Tuvo que contenerse para no delatarse, apartó la mirada hacia la hierba, sacó mecánicamente la pipa y se obligó a adoptar un semblante rígido y serio. La cabeza la daba vueltas y luego se calmó y comenzó a reflexionar sobre cómo había terminado todo, mientras todas y cada una de las briznas de hierba se alzaban nítidas y separadas ante sus ojos. Un poco después tuvo la respuesta. Uno podía viajar muchas jornadas, espoleado por un deseo y una esperanza, y al final averiguar que había realizado todo ese viaje en balde, y de esa manera su esperanza moría mientras su deseo seguía corroyéndole. Podía ser que lo que él sentía y le había parecido bien, natural y posible, no fuera más que una locura durante todo el tiempo, como le había pasado a él. Un hombre y una squaw en un tipi significaba una cosa, sólo una cosa. Y entonces se oyó a sí mismo decir:

—Da igual, Pobrediablo. Dile que le dejaremos regalos para él y para su mujer.

—¡How, Ojos de Cerceta! ¡How! —escuchó gritar a Jim, y a continuación su caballo se acercó.

Pobrediablo le tiró del brazo.

—Cuerno Rojo, él.

—No importa.

—Jefe.

—Les dejaremos regalos.

Jim se quedó sentado en su caballo, con la boca abierta en una enorme sonrisa y sus ojos azules brillando.

Per’necer a Gran Nutria —dijo Pobrediablo.

—Será mejor sacar algo de tabaco, y unas cuentas de cristal y otras cosas —dijo Boone a Jim.

—No tiene squaw —afirmó Pobrediablo—. Squaw morir.
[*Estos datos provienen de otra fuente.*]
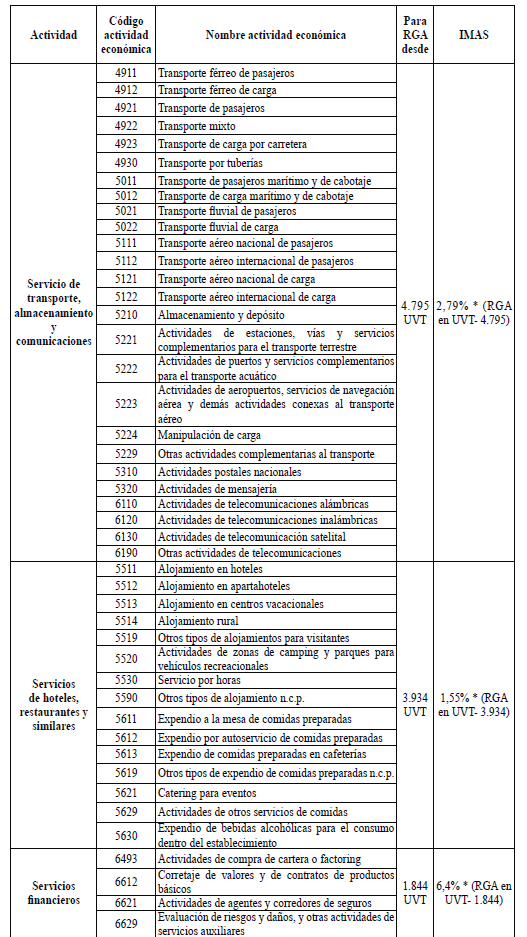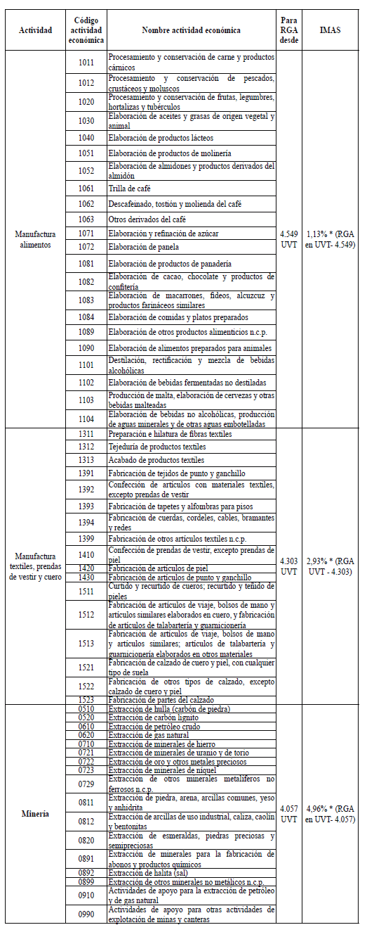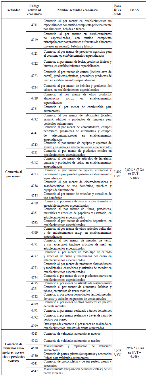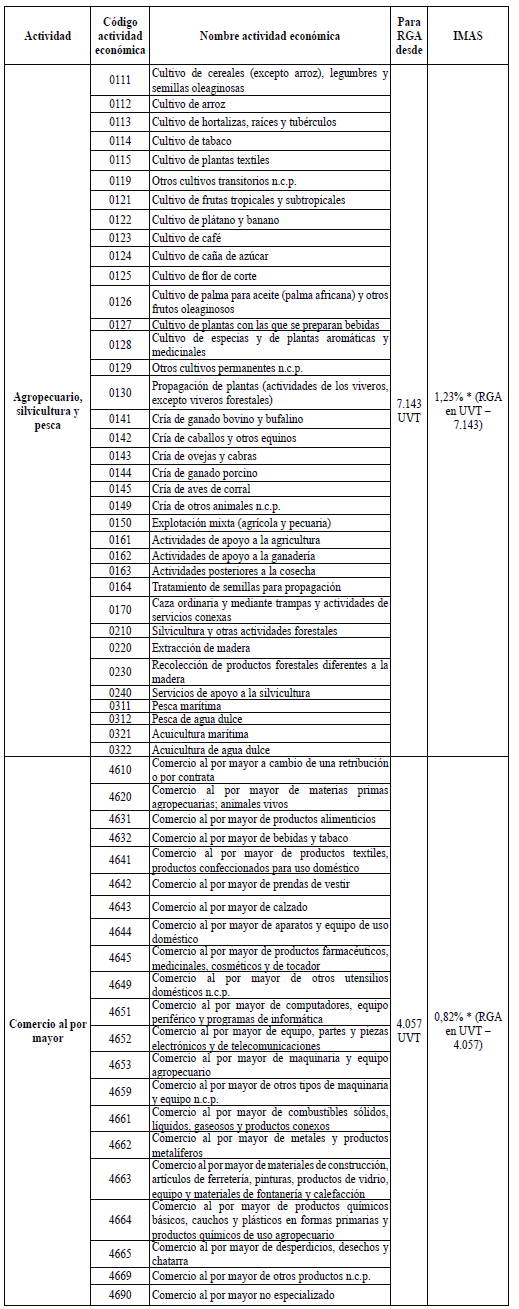 Artículo 1°. Para efectos de lo dispuesto en el Capítulo II del Título V del Libro Primero del Estatuto Tributario, las actividades económicas de que trata el artículo 340, comprenden las actividades económicas según la clasificación CIIU Rev. 4 A.C. contenidas en la siguiente tabla de correspondencias: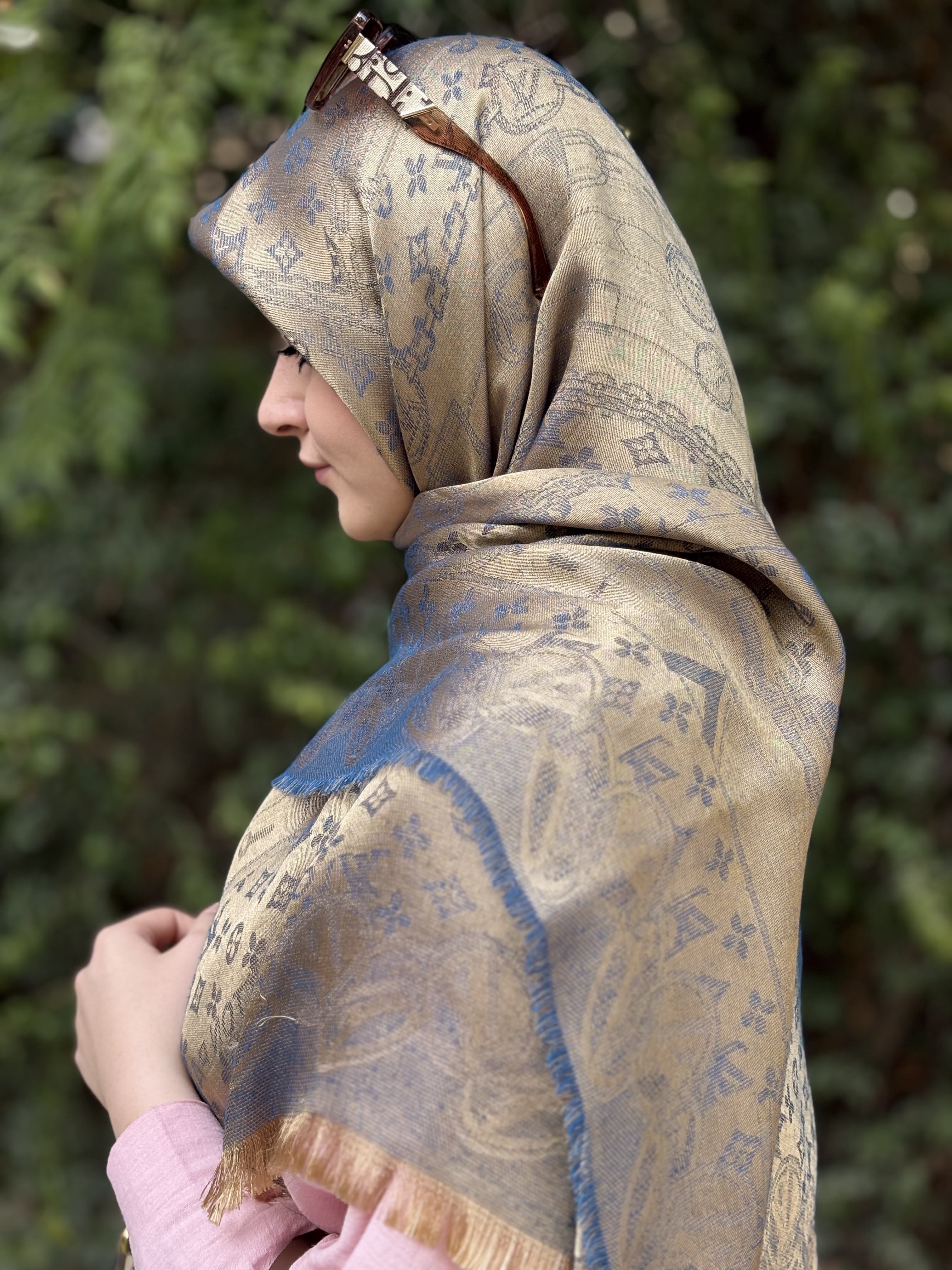 روسری نخ ابریشم ژاکارد لمه قواره ۱۴۰ طرح ال وی کمربندی طلایی سورمه ای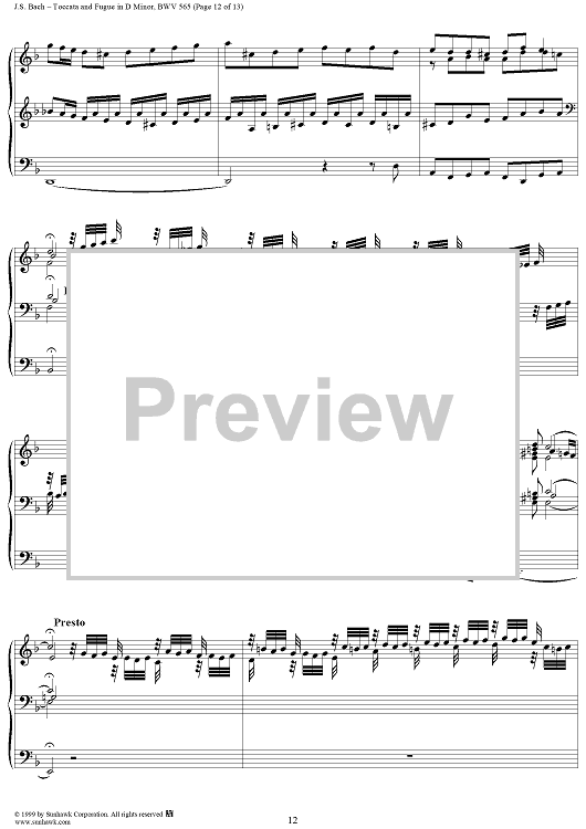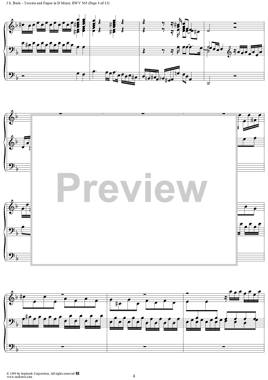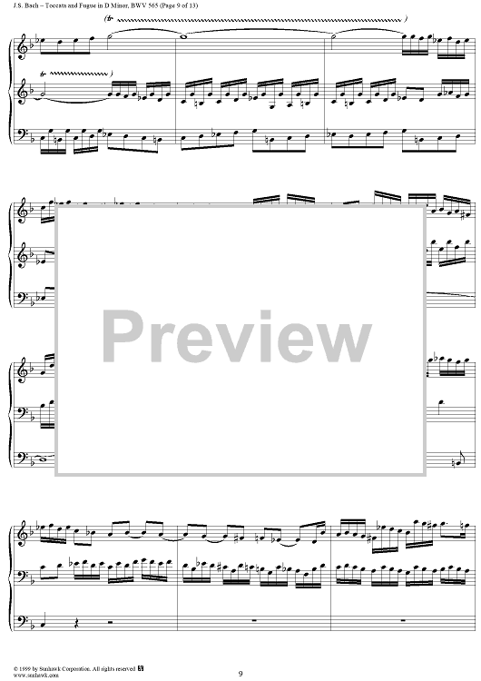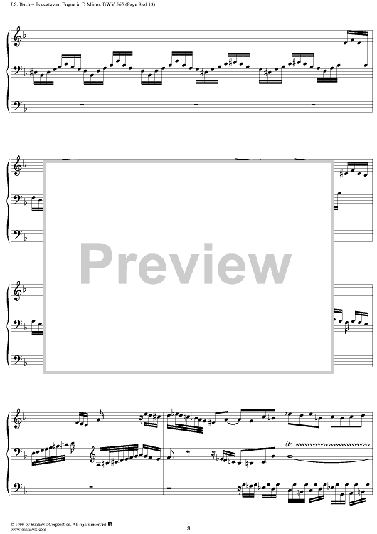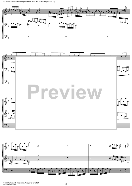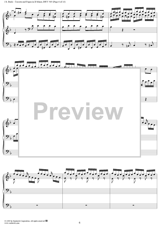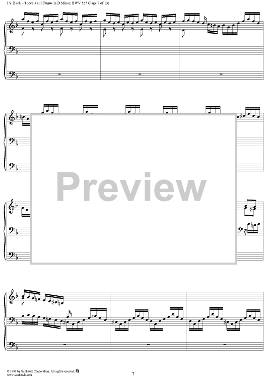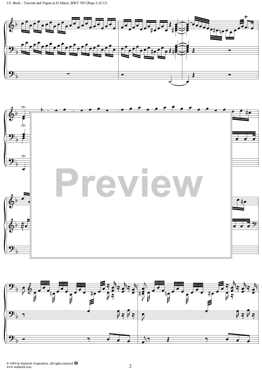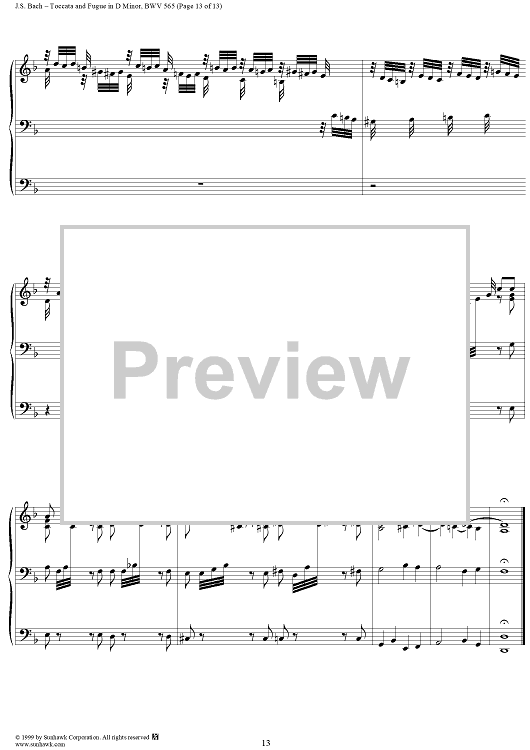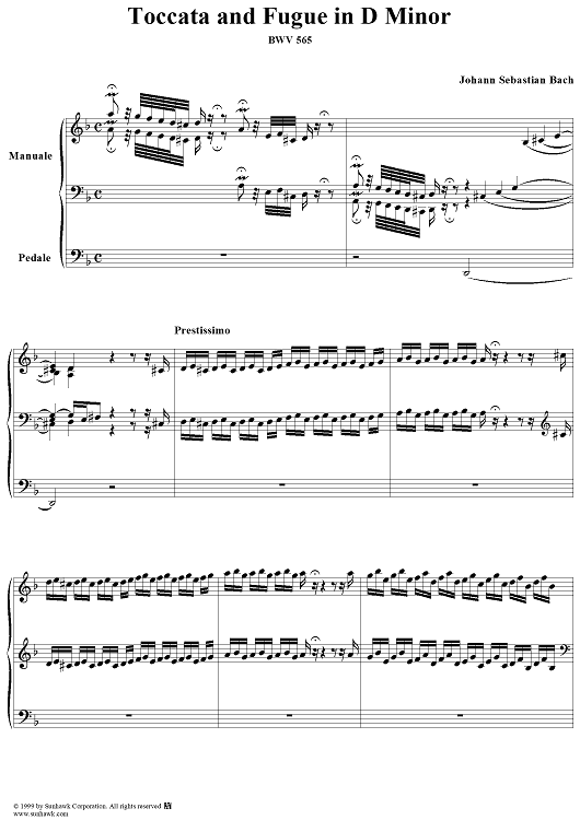 Digital Sheet Music for Toccata and Fugue in D Minor, BWV565 by Johann Sebastian Bach scored for Organ Solo; id:113369

Dos squaws morir. Todas las malditas squaws morir. No tiene squaw.

—¿Qué quieres decir?

Pobrediablo señaló.

—Squaw per’nece a Gran Nutria. Cuerno Rojo per’nece a Gran Nutria.

—No sé qué diablos está diciendo este maldito indio —dijo Boone a Jim—, no es más que un chiflado.

El semblante de Jim parecía serio. Estaba sentado reflexionando, con la barba pelirroja reluciente sobre la barbilla y los ojos entrecerrados.

—Creo que no, Boone —de repente levantó la mirada por encima del hombro medio girado de Boone—. ¿Tu hombre, él? —preguntó—. ¿Tu hermano, él?

—¡Hermano! —Pobrediablo dejó escapar la palabra en una explosión, como si hubiera estado buscándola todo el tiempo—. Cuerno Rojo hermano.

—Eh, Ojos de Cerceta —la voz de Jim volvió a sonar—, ¿tú tienes un hombre? ¿Sí? ¿No?

Boone no miró. Si Ojos de Cerceta respondía, no quería escucharlo. Lo que sí escuchó a continuación fue a Jim diciéndole:

—¡Venga, Boone! ¡Vamos! Ya es hora de que se lo preguntes.

Contuvo la respiración para que no se notara nada en su rostro. Vio que sus pies volvían a moverse bajo su cuerpo, vio que sus dedos comenzaban a soltar las correas de los fardos, vio la suntuosa piel de puma, el bermellón, el tabaco. Vio en su mente, sin dejar que se cruzaran sus miradas, los atentos y curiosos ojos de Jim sobre él. Tiró del caballo alazán. Detectó el interés que se despertaba en los ojos de Cuerno Rojo mientras este le observaba, pero sobre todo notó, sin necesidad de mirarla, a Ojos de Cerceta, su mirada de reconocimiento y con un brillo que uno podría llegar a pensar que era aprecio.

—Dile que el caballo alazán es un regalo, Pobrediablo, eso y la piel de puma y todo lo demás —se le trababa la lengua al pronunciar unas palabras que tanto había practicado—. El cazador blanco quiere que la hija de Gran Nutria sea su squaw.

El rostro de Cuerno Rojo se tensó y, acto seguido, recuperó su semblante impenetrable, como si hubiera desechado la idea del caballo y se hubiera cerrado totalmente a lo que se decía. Boone bajó la mirada frente a aquella mirada pétrea, la volvió a levantar, buscó más allá y encontró los grandes ojos de Ojos de Cerceta buscándole también, y una dulzura en su boca que tal vez se la estuviera ofreciendo a él. ¡Si al menos pudiera hablar con ella, lejos de Cuerno Rojo y el resto!